A mask is a grayscale weight (0–1) that tells a node where to act. This guide shows how to build one and wire it in. For what masks and selectors are, see Masks & Selectors (concepts).

The pattern

  1. Start from a heightmap.
  2. Run a selector to turn a terrain feature into a 0–1 mask.
  3. Optionally shape the mask (smooth, remap, combine).
  4. Wire the mask into the mask input port of a filter or erosion node.

Selectors

Each picks out a feature as a mask (Terrain Features/Selector):

  • SelectSlope — steep vs flat.
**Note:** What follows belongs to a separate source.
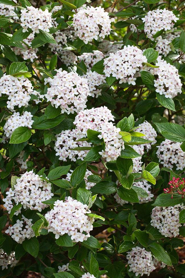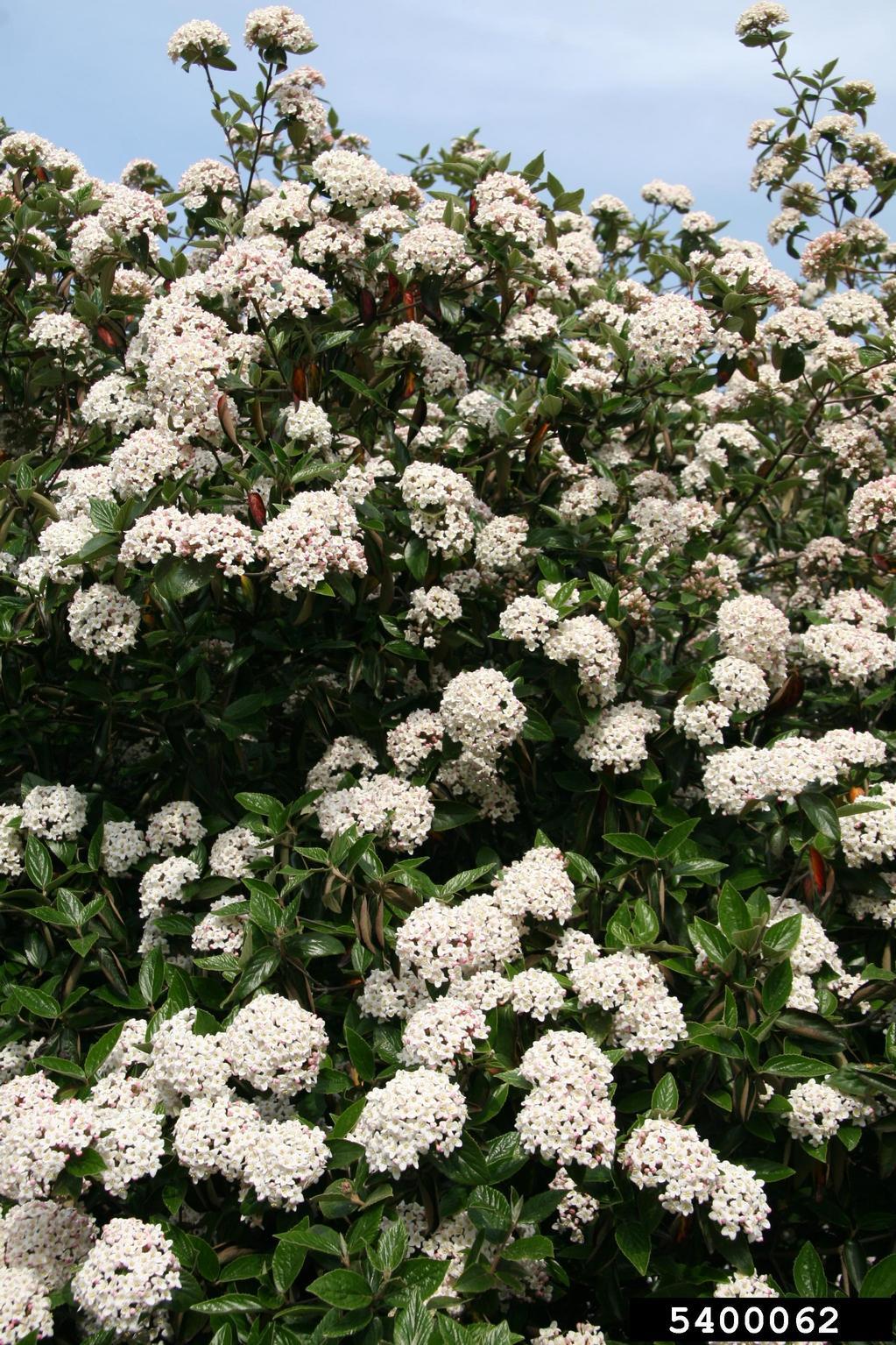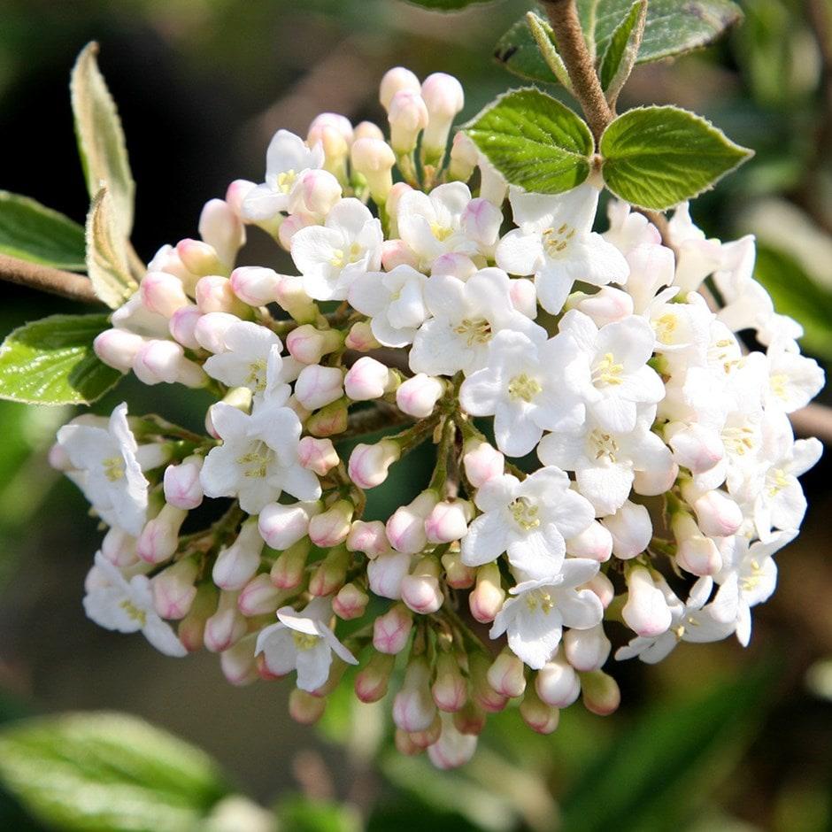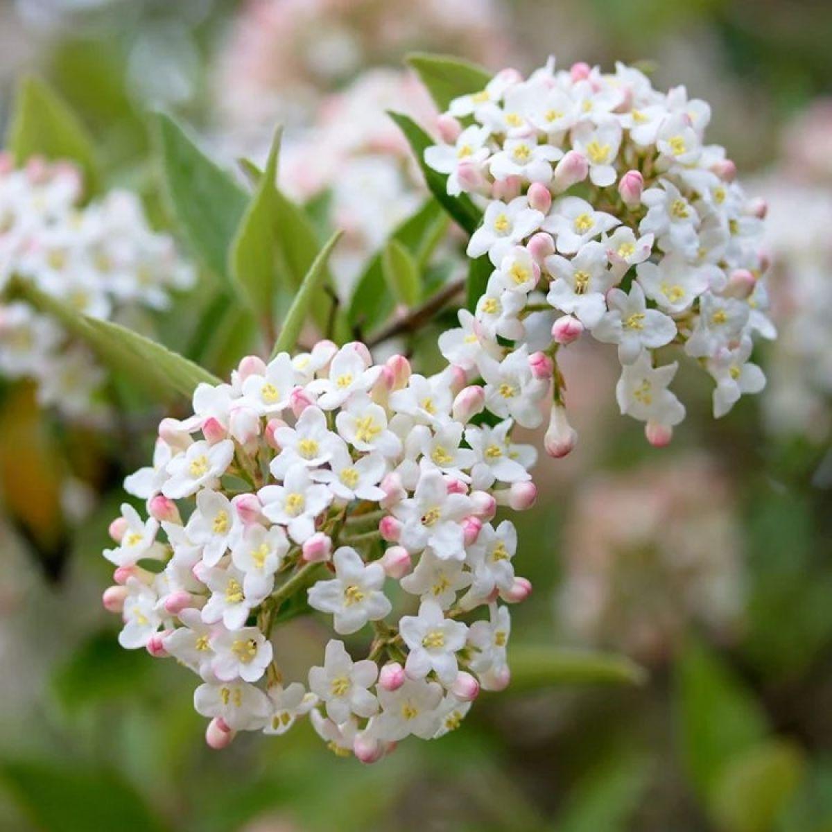Viburnum burkwoodii, commonly known as Burkwood Viburnum, is a semi-evergreen shrub known for its fragrant, white to pinkish blooms and attractive foliage. It is a hybrid species that offers a beautiful display of flowers in spring and often has a pleasant scent reminiscent of cloves. The plant is also appreciated for its glossy, dark green leaves that can turn a striking red in the fall.

SelectAngle — facing direction.
  • SelectGt / SelectInterval / SelectMidrange — by elevation threshold / band / mid-range.
  • SelectPulse, SelectCavities, SelectTransitions, SelectValley, SelectRivers, SelectInwardOutward, SelectBlobLog, SelectMultiband3 — feature-specific selectors.

Shaping & combining masks

  • Smooth or remap the selector output to soften hard edges before use.
  • CombineMask — union/intersect/difference two masks (Terrain Features/Mask Operations).
  • ScanMask — inspect/adjust mask coverage.

Applying the mask

The Hesiod node graph for masked smoothing: NoiseFbm feeds both the SmoothCpulse filter and a SelectSlope selector, and SelectSlope's output is wired into SmoothCpulse's mask input port. The 3D viewport shows the smoothed result and the SmoothCpulse settings panel is open on the right. NoiseFbm → SmoothCpulse, with SelectSlope → SmoothCpulse.mask. Source graph: masks-applied.hsd — and masks-unmasked.hsd for the no-mask comparison.

Feed the mask into a node's mask input port — for example, confine HydraulicParticle to steep terrain by driving its mask from SelectSlope. See Erosion for masked-erosion recipes and Texturing for soil masks.